Доктор Уилсон хмурится, вздергивает подбородок и что-то строчит на желтой бумаге. Я хочу прочитать, но буквы не складываются в слова. Закрыв глаза, гадаю, как же мне обманывать людей вроде него – вооруженных карандашами и бумагой. А у меня из оружия один лишь рот, который вдобавок приходится держать на замке.

Когда я открываю глаза, доктор Уилсон все еще пишет.

– Вы откуда? – спрашиваю я.

– Из Вашингтона.

Название города ни о чем мне не говорит, кроме того, что находится он где-то далеко.
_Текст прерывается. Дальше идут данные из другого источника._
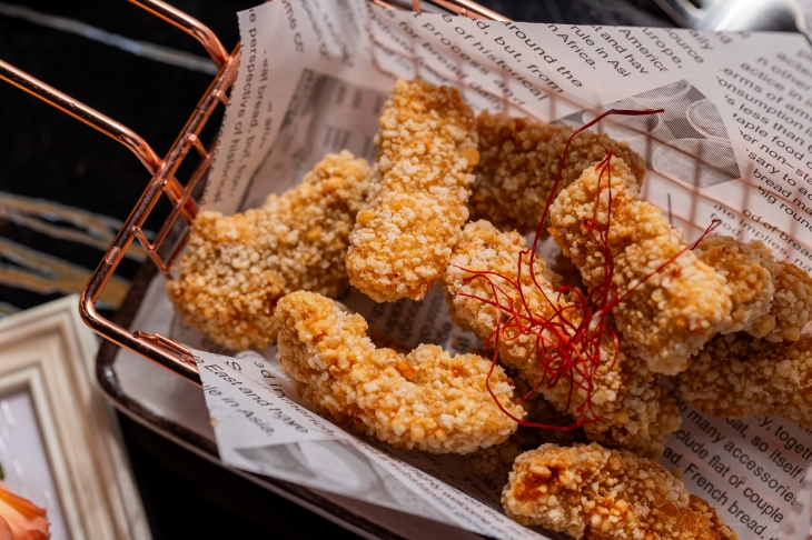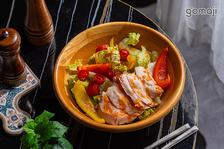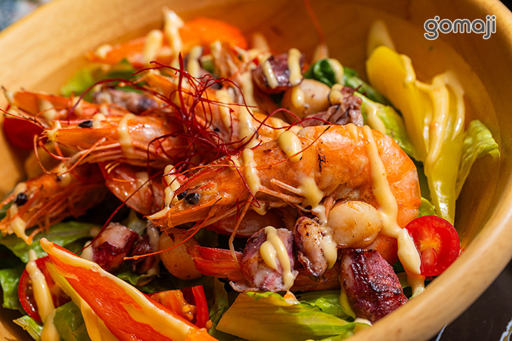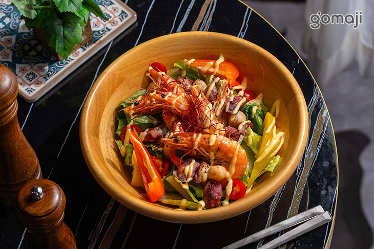 鹹蛋黃海鮮沙拉一上桌就是繽紛又澎湃的畫面,木碗裡鋪滿爽脆生菜,上頭大方放入各式海味配料,再淋上香濃鹹蛋黃醬,金黃色澤看了就食指大動。每一口都能嚐到生菜的清甜與海鮮的鮮美,伴隨鹹蛋黃特有的沙沙口感與濃郁香氣,在嘴裡交織出鹹香又帶點奶油感的迷人滋味。各式海鮮搭配爽口蔬菜,吃起來豐富有層次又不顯負擔。無論是當作開胃前菜,或是想來一份清爽卻有飽足感的主食,這道鹹蛋黃海鮮沙拉都十分適合,是愛海鮮、又想吃得清爽的人不能錯過的一道精緻選擇。
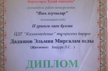 Поздравляем Дадашова Эльмина Миргалам оглы, учащегося объединения «Казаневедение» (педагог Бицура Л.С.), с победой в районном конкурсе чтецов, посвященном творчеству Г. Тукая. Эльмин занял 2 место в номинации «Юные писатели»! Молодец!
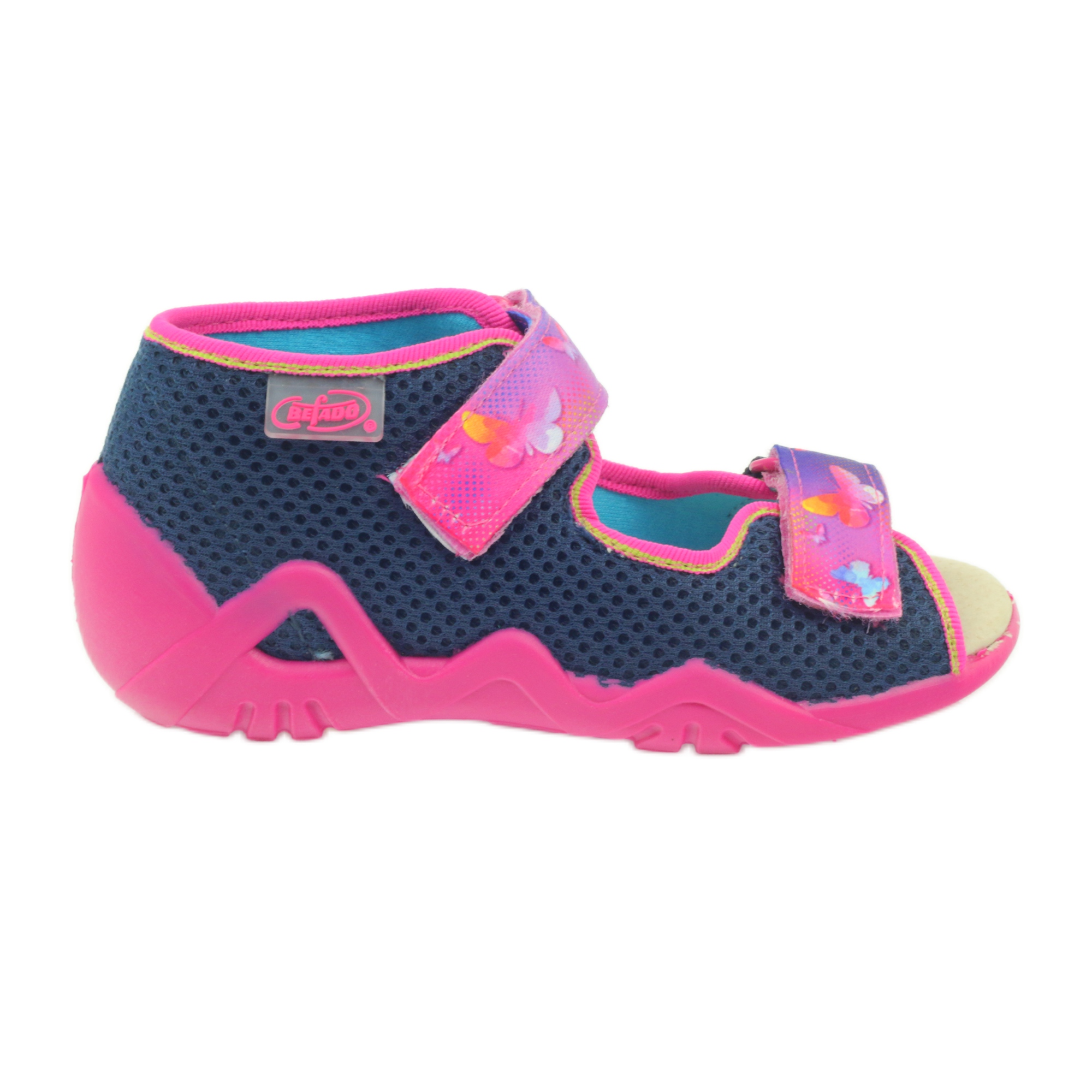 Befado mallin sandaalit. 242P064 on täydellinen valinta jokaiselle pienelle tytölle, joka arvostaa mukavuutta ja tyyliä. Nämä tossut on valmistettu korkealaatuisista laivastonsinisistä kankaista söpöillä perhosilla, ja ne sopivat täydellisesti sekä sisä- että ulkokäyttöön.

– Вы приехали только ради меня?

Доктор Уилсон кивает.

– Вот вы, наверное, обрадовались… Посреди зимы сорваться из дома и отправиться на другой конец страны, чтобы допросить преступницу.

– Во-первых, допрашивать тебя я не буду. Как уже сказал, у меня иная цель – понять тебя. И кроме того, я сам вызвался.

– Неужели?

– Я уверен, что смогу тебе помочь. Или хотя бы попробовать.

Я выразительно поднимаю перед собой руку.

– Пожалуйста, не говорите так больше.

Долгое время стоит тишина. Доктор Уилсон вздыхает.

– Знаешь, чем я занимаюсь каждый день? – спрашивает он. – В чем заключается моя работа? Большую часть времени я провожу в компании преступников. Самых отъявленных злодеев на свете. Выясняю, где они врут, какие вопросы им можно задать, чтобы вытащить сокровенные тайны, как обратить их мысли против них самих же. Каждый день я решаю задачки. Вот в чем моя работа. Воспринимать этих прожженных бандитов как очередную головоломку и не видеть в них людей.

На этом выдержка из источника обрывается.